In summary, codon usage bias in E. festucae was found to be relatively weak and affected by nucleotide composition, mutational pressure, natural selection, and gene expression level. However, natural selection may play a major role in shaping codon usage variation, manifesting itself in weaker codon usage bias. In addition, the codon preferences of E. festucae were more biased than those of A. thaliana, E. coli, or Caenorhabditis elegans [44].
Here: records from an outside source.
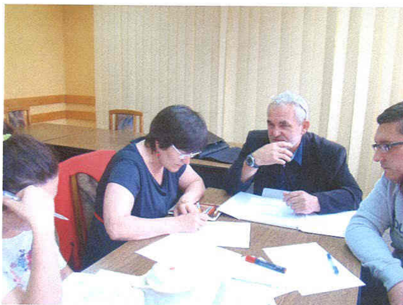
Foto z warsztatów

Niechlów to miejscowość gminna, w której ciągle się coś dzieje, a mieszkańcy mają dogodne warunki do aktywnego spędzania czasu wolnego. Dzięki działaniom wzrasta zaangażowanie młodzieży, seniorzy mają wsparcie i różnorodną ofertę rozwoju zainteresowań. Lokalna i zintegrowana z otoczeniem społeczność ma dostęp do tutejszej edukacji i kultury. Korzystając z rozwiniętej oferty rekreacyjnej, lokalnych zasobów Doliny Baryczy i infrastruktury technicznej oraz społecznej, rozwija się agroturystyka. Grupa odnowy wsi kooperuje działania i inicjatywy liderów z Niechlowa, współpracuje z organami władzy, lokalnymi przedsiębiorcami i sąsiednimi sołectwami, a tutejsze stowarzyszenie pozyskuje środki na realizację projektów sprzyjających rozwojowi wsi. Wspólna praca i zabawa przybliży mieszkańców i zacieśni więzy międzypokoleniowe. Niechlów stanowi gminne centrum aktywności, gdzie się dobrze żyje.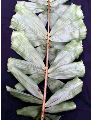
1 Aiphanes hirsuta

Producido por: R. Foster, R. Paredes, y S. Kaplan; con el apoyo del Andrew Mellon Foundation, Gordon & Betty Moore Foundation, Instituto Smithsonian de Investigaciones Tropicales, Greg de Nevers, Panamá Environmental Service, y Abia Yala de Kuna Yala. Disponible en [www.fmnh.org/plantguides]. © Abia Yala [fundabiyala@hotmail.com] y Environmental & Conservation Programs, The Field Museum, Chicago, IL 60605 USA. [RRC@fmnh.org] Rapid Color Guide # 168 version 1.0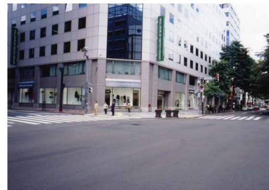
第11回 ベネトンメガストア札幌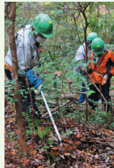
枯葉を取ることで土に雨が染み込み、湿地の乾燥が防げます

活動拠点である「里山の家」では、活動のようすやイベントなどの情報を発信しているほか、森の散策の仕方や自然観察のポイントも教えてもらえます。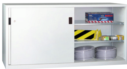
Höhe 1000 mm.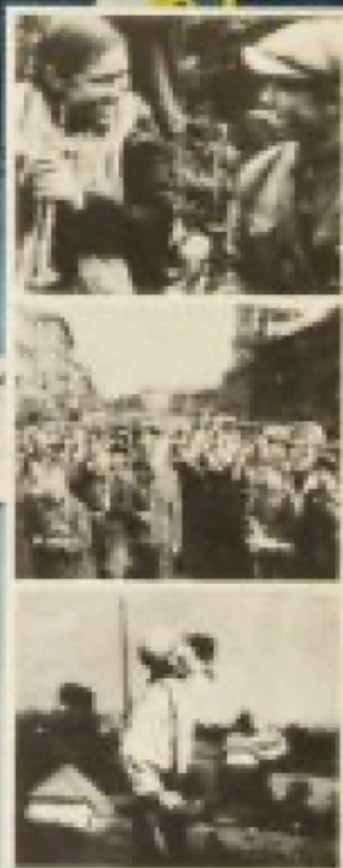
Киноафиша «Битва за Россию»

Distributed by 20 th CENTURY-FOX FOR THE WAR REPRESENTATIVE COMMITTEE — MOTION PICTURE INDUSTRY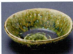
034-06-6B3 3,100円 1962040008 織部くし目鉢 (13.7φ×3.5H)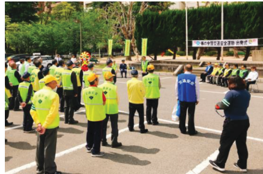
令和元年度 春の全国交通安全運動 出発式の様子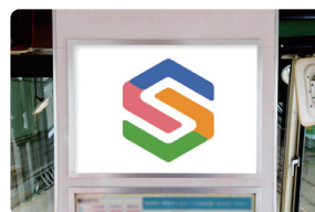
運転台背面 B3ポスターシングル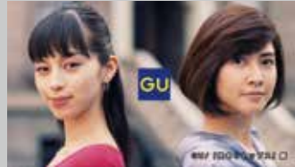
* ファーストリテイリング / GU TV-CM

Currently, no complete Epichloë sp. mitochondrial genome is available in GenBank. As more complete mitochondrial and nuclear genomes of Epichloë species are released, further comparative analyses will be possible, allowing for investigation of the genetic and environmental constraints that influence codon usage patterns at the intra- and inter-species levels. In addition, because Epichloë is an endophytic fungus, different strains possess different host specificities. Comparing the differences in codon usage of different Epichloë strains from the same species may explain these host specificities. Moreover, comparisons of codon usage between the mitochondrial and nuclear genomes in the same Epichloë strain may enable exploration into the mechanism of interaction between Epichloë endophytes and host grasses.
3. Materials and Methods
The complete genome sequences of E. festucae (E2368, version 4) were obtained from Genome Projects at University of Kentucky [45]. CDS (Coding DNA sequences) were downloaded from GenBank [46]. To improve the quality of sequences and minimize sampling errors, CDS were filtered based on the following considerations: (i) the presence of a start codon at the beginning and a stop codon at the end of each CDS was required; (ii) each CDS had to be greater than 300 nucleotides in length; and (iii) duplicated sequences (exact matches) were detected and excluded from the dataset. As a result, 4870 CDS were used for further analysis.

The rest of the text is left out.